チャンバの材質が鉄であれば長期間の使用で,ねじの部分が腐食して弱くなっていることがあります。
それに気づかずドレン弁を触っていたときに突然ネジの部分が破損し,図1に示すように液が噴き出す事故が多発していました。
トラブル対策として,ネジを使わない溶接接続に改められ事故の再発を防いだことがあります。皆さんの工場でまだネジ接続のものが使われていないか一度点検してみてください。
■その他の液面計■
液面計が正常に作動しないと事故につながることがあります。液のオーバーフローなどは可燃物であれば火災などにもなります。計器の故障や調整不良によるトラブル事例もあるのでいくつか紹介します。
【事例①】
重油タンクに設置されていたパージ式液が実際より低めの値を示していることに運転員は気づかなかった。タンクに重油を受け入れていたところ,満液となりタンク上部から重油が噴き出した。
【事例②】
製品(球形ビーズのようなプラスチックの粒)を貯蔵する高さ10mほどのサイロ内には,放射線液面計が設置されていた。サイロ内の貯蔵量を検知して,一定量に達すると自動的に抜き出すシステムが組まれていた。定修時に,液面計を調整した際,計器のパラメータ(設定定数)を間違えてしまったため,スタートアップ後にサイロ内で爆発が起こった。
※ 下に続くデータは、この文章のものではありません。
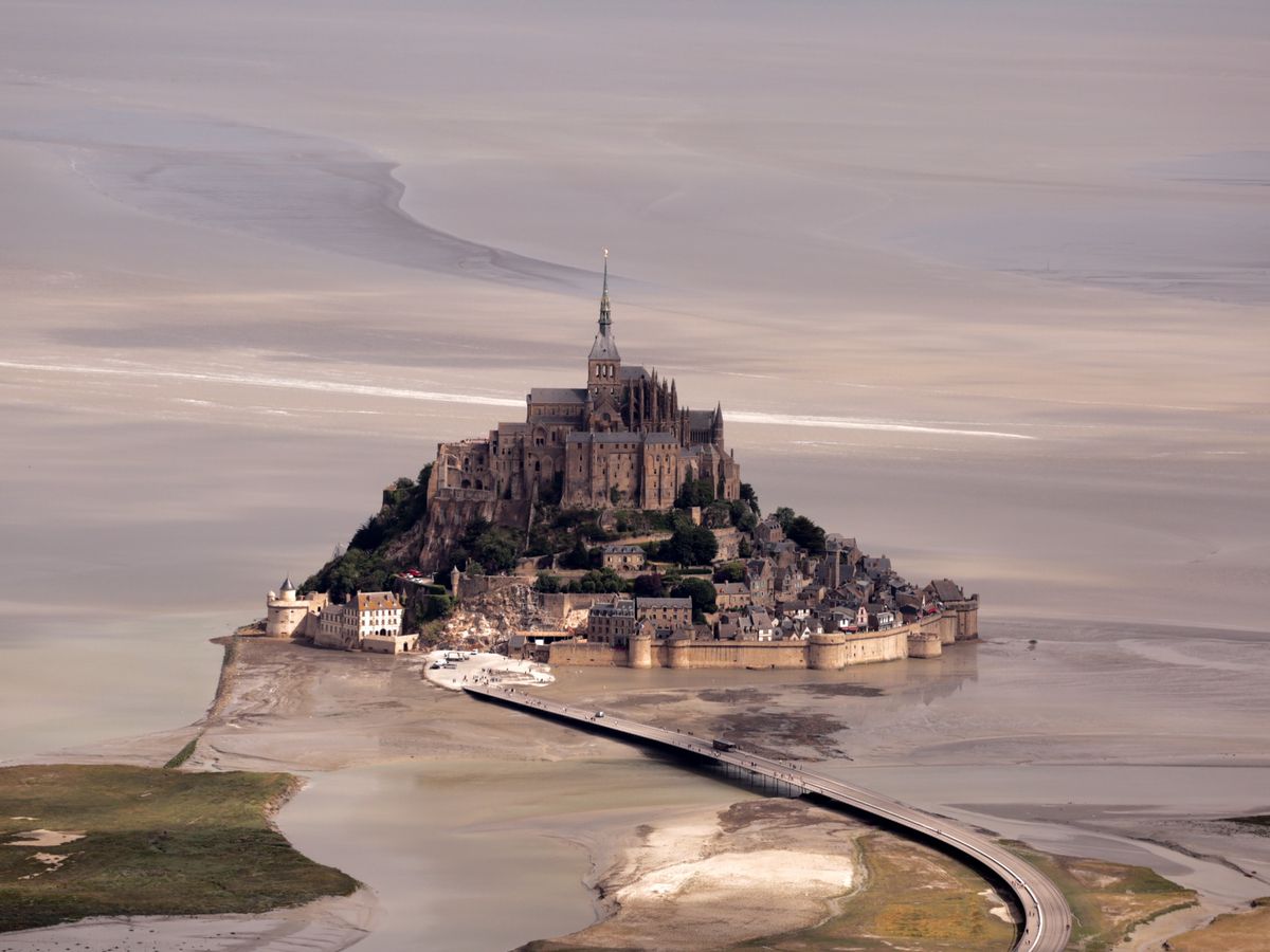 モンサンミッチェルを上空約300mで一周回って、陸上からは見ることが出来ない光景で、

事例①はパージ式液面計のトラブルです。パージ式液面計は,タンクやドラムの上部より筒状のパイプで気体を送り込み,その背圧を測定して液レベルを間接的に測る方式です。液のレベルが変動すれば,それに比例して背圧が変化するという原理を用いた液面計です。排水ピットなど汚れのある液体でも測定できます。
今回のトラブルの原因は,背圧を導く導圧管の接続部分が緩んでいてパージ用の気体が漏れていたことが原因です。パージ流体がわずかに漏れたことから,背圧が実際よりは低めになってしまったのです。
パージ式液面計は,背圧を測定する配管部分などでわずかでも漏洩が起これば誤差になってしまいます。
事例②の放射線液面計の事故は,計器の点検の際に設定値を誤って作業員が入力したことにより起きた事故です。放射線式液面計は,粉体や粒体,高粘度物質など一般的な液面計では測れないものを測定するのに使われています。放射線が物質内を透過するとき放射線が一定量吸収量される原理を利用した計器です。サイロのような装置では,貯蔵している製品量に応じて放射線の吸収量が変化することから間接的に貯蔵量を推測することができます。間接測定方式であることから,いろいろなパラメータ(設定常数)を調整してレベルを計算します。このパラメータの設定を間違えてしまうと,正しい指示を示さなくなってしまいます。
今回のトラブルは,10%指示が低めに出ていたことに気づかず運転を続けていたところ,サイロ内に可燃性ガスが溜まりやすくなり静電気で爆発した事故です。
最近は,コンピュータを使った機器も増え,いろいろなパラメータの設定を必要とする計器が増えています。パラメータの設定は,慎重に確認しながら行ってください。